Could this hazard, condition or activity reasonably be expected to be a serious threat?

(iii) Will the threat to life or health exist before the hazard or condition can be corrected or the activity altered?

[203] As enunciated by the appeals officer in Brink's Canada Limited, “the first question then is to identify the ‘hazard, condition or activity’ that is alleged to be a threat to the life or health” of employees, and here I use the plural since I have already pointed out above that because this case has not originated with a refusal to work by an employee, the question to be addressed here is devoid of any specific or personal circumstances, and thus what is sought by the appellant is a finding of general application, what I could describe as a blanket finding, that would apply to the whole “P” series fleet at Garda's and the employees assigned to it.

[204] This finding or declaration of “danger” that is sought by the appellant would be arrived at in light of a common acceptance by both parties that the work or business of cash transportation involves some inherent risk of violence, that being robbery or attempted robbery effectuated through various means, including the use of firearms, but with no specificity of circumstances, thus putting this general risk at the level of the potential or possible, not the probable.

[205] The appellant has framed the hazard, or rather the alleged hazard in terms of characteristics of a new armoured truck, [text redacted], that it claims pose a threat to the life or health of persons exposed to them, those persons being obviously those employees that would be operating said vehicle, if faced with circumstances that are generically described as the [text redacted]. Those characteristics have been described throughout as the [text redacted] which, the evidence has shown, is a [text redacted] of such, crew separation, driver exiting on driver side and [text redacted], those therefore entirely relating to the vehicle itself.

[206] In its submissions, the appellant took into account said inherent risk to state that “where equipment, training or protective measures available (for the protection of employees) are inadequate, such as in the case of the ‘P’ series vehicles, workers may face a serious risk of harm”, thereby pinpointing the hazard to be evaluated as the vehicle or to be more precise those four characteristics just mentioned, independent of individual or specific circumstances, since the accepted constant is the existence of inherent risk of the industry.

[207] The appellant effectively emphasized the issue by stating that “the hazard(s) posed by the ‘P’ series vehicles go beyond the danger in Garda crews normal conditions of work such that the vehicle constitutes a danger within the meaning of the Code”. The respondent has contested this affirmation by arguing that “the P-Series truck does not significantly increase the risk of attack or injury to the point that the hazard inherent in the industry becomes unusual and unacceptable”, thus effectively reinforcing the identification of the alleged hazard as being the vehicle and more precisely those four characteristics mentioned previously.

[208] The threat analysis which makes up the second part of the test requires that one assess whether what has been identified or put forth as the hazard (condition or activity) can reasonably be expected to be an imminent or a serious threat.

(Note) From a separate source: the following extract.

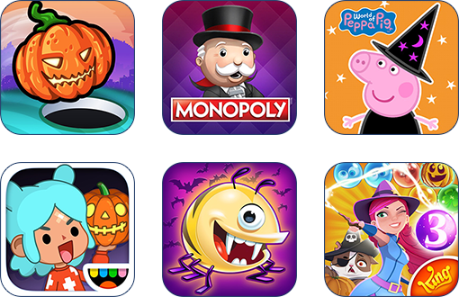 Recently, many of these same apps had changed their icons for seasonality during Halloween. Most of the same concepts used for Holiday app icon updates apply to seasonal changes during Halloween, as illustrated below.

I do not need to spend much time on the first element of this analysis, that of whether the hazard, (condition or activity) constitutes an imminent threat, first because when one examines what is being alleged here, one is forced to distinguish the present case from what has been presented as constituting an imminent threat in the first decision of the Tribunal dealing with the new definition of “danger”, that being Ketcheson, which has been followed in the few decisions that have come after and have been mentioned herein.

[209] In that decision, at paragraph 205, the Tribunal stated:

An imminent threat is established when there is reasonable expectation that the hazard, condition or activity will cause injury or illness soon (within minutes or hours). The degree of harm can range from minor (but not trivial) to severe. A reasonable expectation includes a consideration of: the probability the hazard, condition or activity will be in the presence of a person; the probability the hazard will cause an event or exposure; and the probability the event or exposure will cause harm to a person.

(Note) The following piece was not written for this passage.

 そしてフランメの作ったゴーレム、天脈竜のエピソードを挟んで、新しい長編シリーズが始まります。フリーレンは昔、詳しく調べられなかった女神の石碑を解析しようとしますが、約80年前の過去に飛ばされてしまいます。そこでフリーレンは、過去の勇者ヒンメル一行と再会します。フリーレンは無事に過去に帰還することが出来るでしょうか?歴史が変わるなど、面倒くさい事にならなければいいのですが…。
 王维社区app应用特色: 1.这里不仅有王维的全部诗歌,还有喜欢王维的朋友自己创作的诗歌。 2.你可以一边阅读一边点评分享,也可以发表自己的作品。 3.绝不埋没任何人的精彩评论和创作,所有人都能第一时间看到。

[210] Clearly, there has been no allegation here that the hazard alleged by the appellant could be the source of injury within minutes or hours.

[211] Second, although the parties have not expressed such in so many words throughout their presentation, one can easily understand from those that neither party has suggested that the hazard(s) or what is presented as hazard(s) could reasonably be expected to be an imminent threat.

[212] Considering the next question of whether the identified hazard(s) (condition or activity) could reasonably be expected to amount to a serious threat to the life or health of employees, one must consider that in the circumstances of the present case, where the four characteristics mentioned above, when taken in isolation of specific circumstances, cannot of themselves amount to a threat, and where no individual factual situation is suggested, as this is not a refusal to work case, such a conclusion could only be arrived at where one would find a reasonable expectation or reasonable possibility that employees, any employees working on a “P” series truck would be faced with an attack of some sort and suffer injury as a result of the four characteristics that the appellant is objecting to.

[213] In Ketcheson, the appeals officer addressed this notion of serious threat in the situation of a work refusal as follows at paragraph 212 of the decision:

In order to conclude that the respondent was exposed to a serious threat to his health or life, the evidence has to show that there was a reasonable expectation that the respondent would be faced in the days, weeks or month ahead with a situation that could cause him serious harm as a result of not being able to carry OC Spray and handcuffs on his person.

[214] While I agree with such formulation, one must note, as mentioned earlier, that such a pronouncement was made in a case involving one individual employee and refusal to work action concerning circumstances and activity specific to that particular individual. In the case at hand, as mentioned repeatedly, where there are no individual or specific circumstances invoked and, as stated earlier, where what is sought is a blanket declaration of danger because of characteristics of a vehicle coupled with the risk inherent to the cash transit industry, a pronouncement similar to the one cited above but adapted to this case could read as follows:

In order to conclude that the employees represented by the appellant union are or would be exposed to a serious threat to their health or life, the evidence has to show that there is a reasonable expectation that the employees working on a “P” series truck presenting the four characteristics at issue will or would be faced in the days, weeks or month ahead with a situation that is an inherent risk of the industry that could cause serious harm to employees because of those characteristics.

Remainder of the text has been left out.